3.5.2 cscfInviteCommunicationFailure
The cscfInviteCommunicationFailure counter is used to measure the number of failed SIP INVITE requests rejected by the CSCF caused by communication failures. It is keyed on the concatenation of the SIP response code, the SIP reason phrase, and the hexadecimal error code. The counter also has a SUM key to collect the total number of cscfInviteCommunicationFailure.
3.6 CSCF Trace Logs
3.6.1 UserTrace
The principle of UserTrace is to log trace points traversing the CSCF application for fault finding and localization purposes.
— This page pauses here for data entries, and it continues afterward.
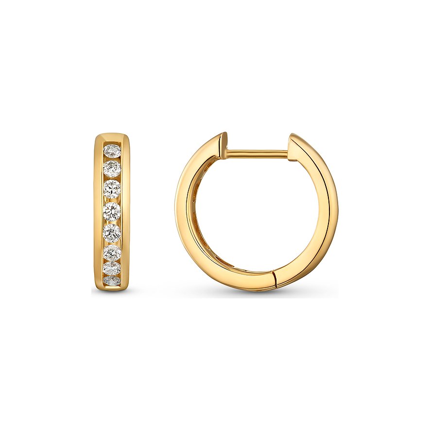 Etwas breiter, aber nicht aufdringlich: Die wertvollen Creolen haben eine festliche und zugleich seriöse Aura. Als Basis verwendet CHRIST schimmerndes, poliertes 585er Gold. Die Ohrringe haben vorne eine Vertiefung, in der Diamanten sitzen. Von diesen geht ein wunderschönes Strahlen aus, das zahlreiche Blicke auf sich zieht. Die Klapp-Creolen lassen sich nicht nur solo tragen, sondern sie eignen sich auch als Ergänzung zu weiterem Gold- und Brillantschmuck.
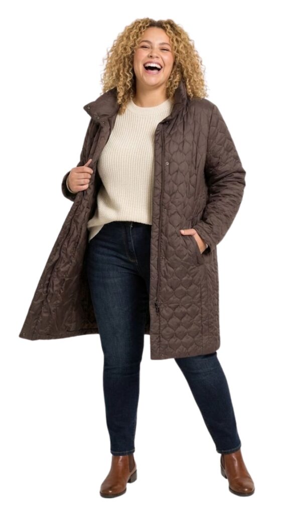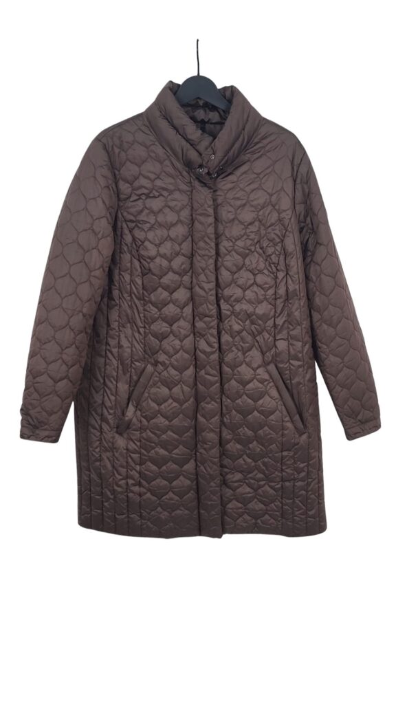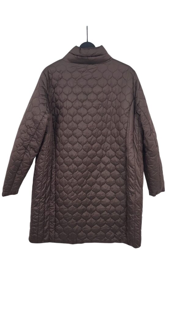 Abrigo de invierno de la marca B. (A Feeling of Winter). Color marrón chocolate con diseño acolchado elegante. Relleno térmico vegano «No Downs, Happy Ducks». Cuello alto y cierre doble. Talla Grande. Talla 48/4XL (Etiqueta D46/UK20). ¡Calidez premium y moda ética!
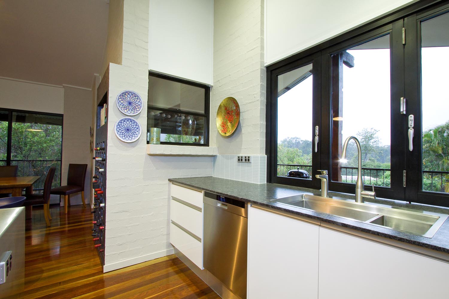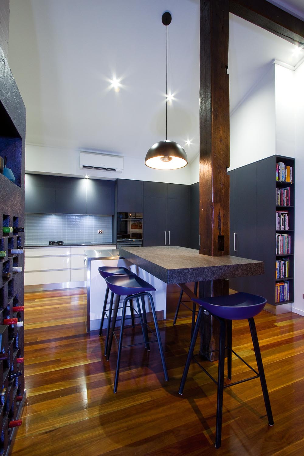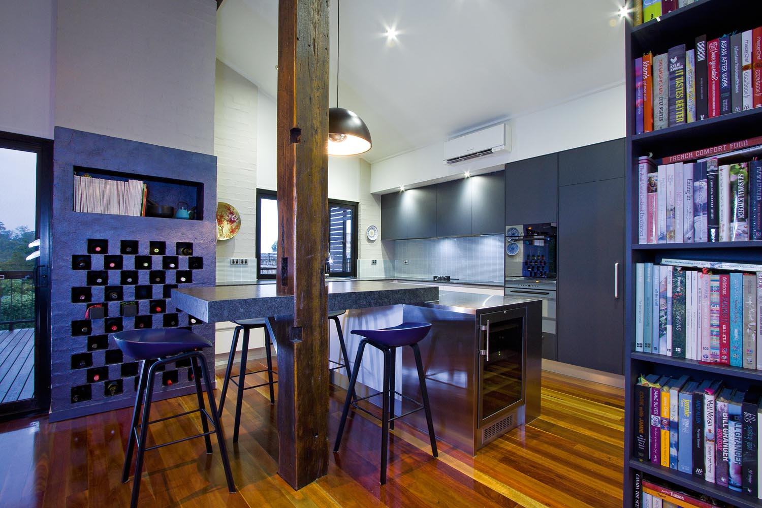Brushed granite, stainless steel and Laminex finishes have been chosen to complement the existing wine brick wall, so the kitchen flows effortlessly into the large central living area.
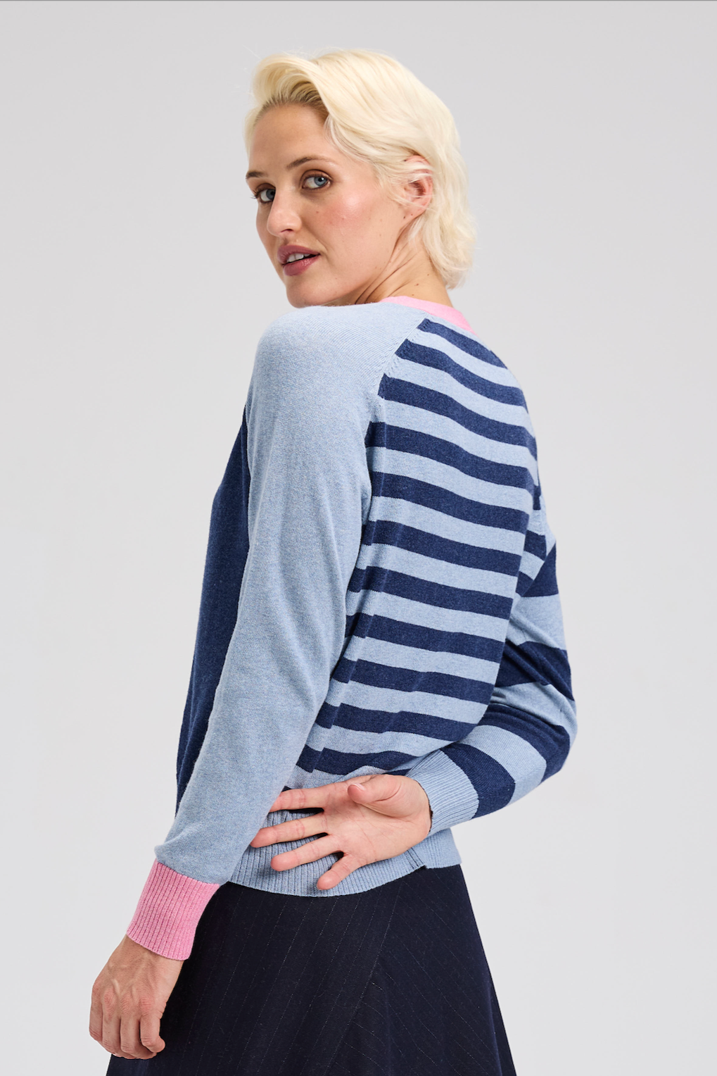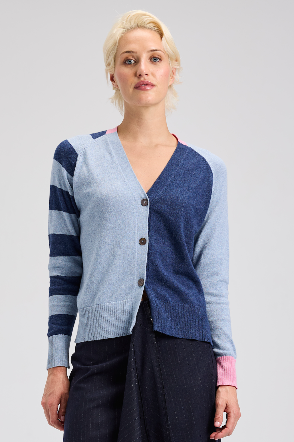 Elevate your wardrobe with this Zaket & Plover V-Neck Cardigan, crafted from a soft cotton blend for lasting comfort. Its refined color block design with solids and stripes adds great visual interest, making it a versatile layering piece that effortlessly complements both casual and polished looks. Perfect for transitional seasons, this drop shoulder cardigan combines timeless style with everyday practicality.
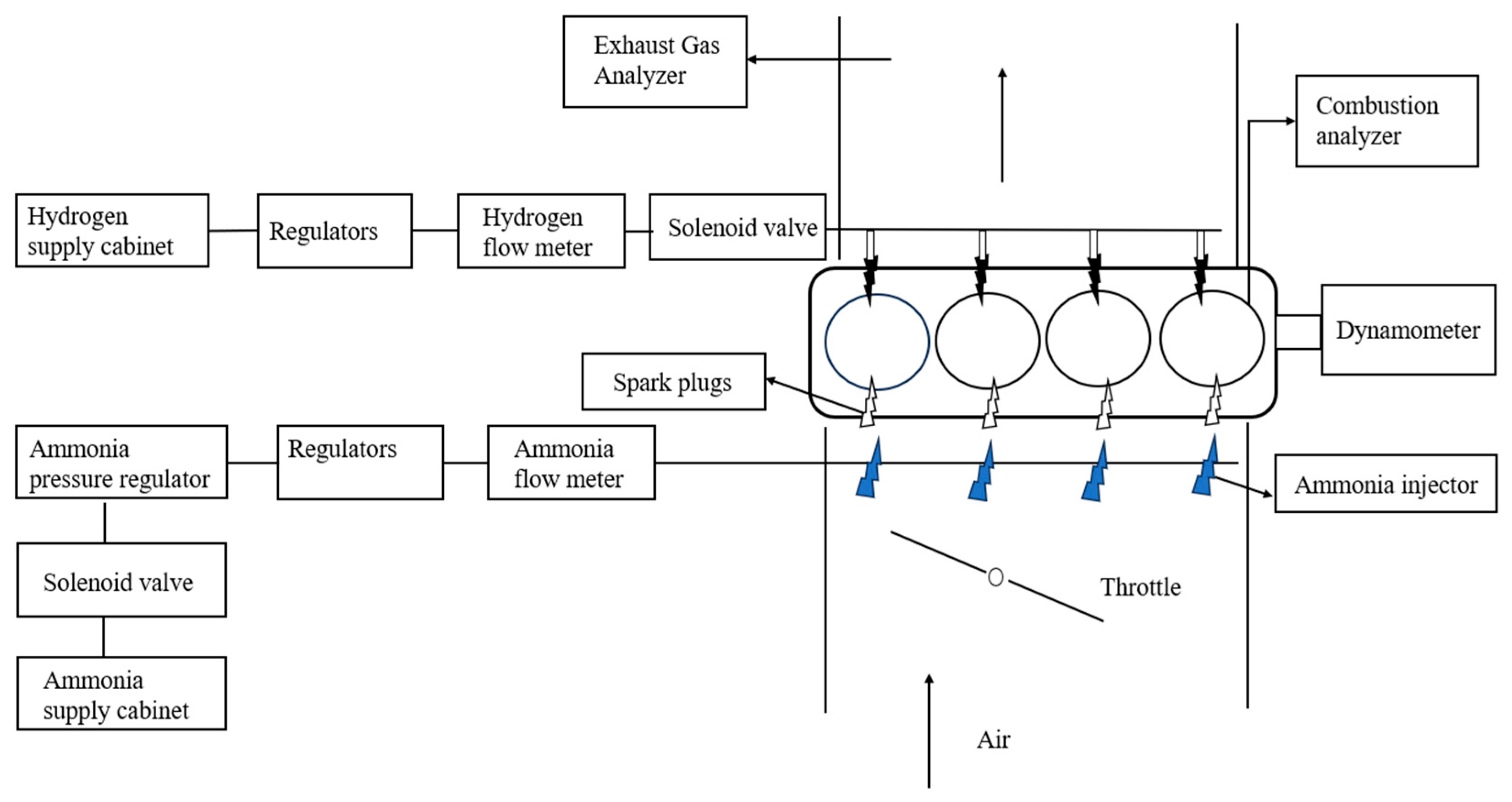- Qi, Y.; Liu, W.; Liu, S.; Wang, W.; Peng, Y.; Wang, Z. A review on ammonia-hydrogen fueled internal combustion engines. eTrans 2023, 18, 100288. [Google Scholar] [CrossRef]
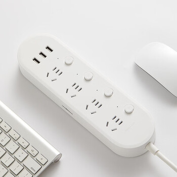 吉屋轻智 EMP513USB-CN3 USB插座/插线板/插排/多功能排插/接线板/拖线板 3USB接口+4孔位分控 3米 白色
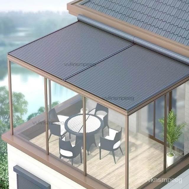 陽光房電動遮陽棚 鋁閤金天幕 戶外玻璃頂麵防曬隔熱自動伸縮防水雨 遮陽棚伸縮隔熱防曬頂簾 遮陽棚
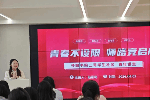为助力学子明晰教师职业发展路径、掌握教学竞赛核心方法、科学规划师范成长道路,4月2日,开阳书院二号学生社区主办的“青春不设限,师路竞启航”青年讲堂顺利开展。本次活动邀请田家炳教学比赛全国一等奖获得者赵彬彬同学主讲,书院2024级、2025级生物科学学科教师班学生积极参与。
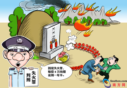 2015年4月5日,何某全(男)及其家人去到清远市清城区源潭镇新马村委会“鱼仔坑峡山”的祖宗坟地祭祖。当天15时许,在清理完坟地的杂草后,何某全及其家人便在坟前摆设祭品,燃烧纸钱,并在坟头到坟顶边按半环形摆放了长卷鞭炮,用香烟点燃,一些燃烧的鞭炮突然弹射出去引燃了坟头上方的杂草。见此情况,何某全及其家人立即用铁铲等工具进行扑救,但因火势太大无法扑救,引发山火。山火直到4月8日凌晨3时许才被全部扑灭。经鉴定,此次山火过火总面积为1131.77亩。(4月1日《清远日报》)

Traces are for a particular PublicID, where a particular PublicID is the originator or receiver. Tracing on all CSCF trace domains for a PublicID is not recommended because of the impact on the processor load. Therefore, tracing on a subset of available CSCF trace domains is recommended. Specific trace domains have been preconfigured into CSCF trace profiles for a live system. They have been verified and run with acceptable performance level degradation.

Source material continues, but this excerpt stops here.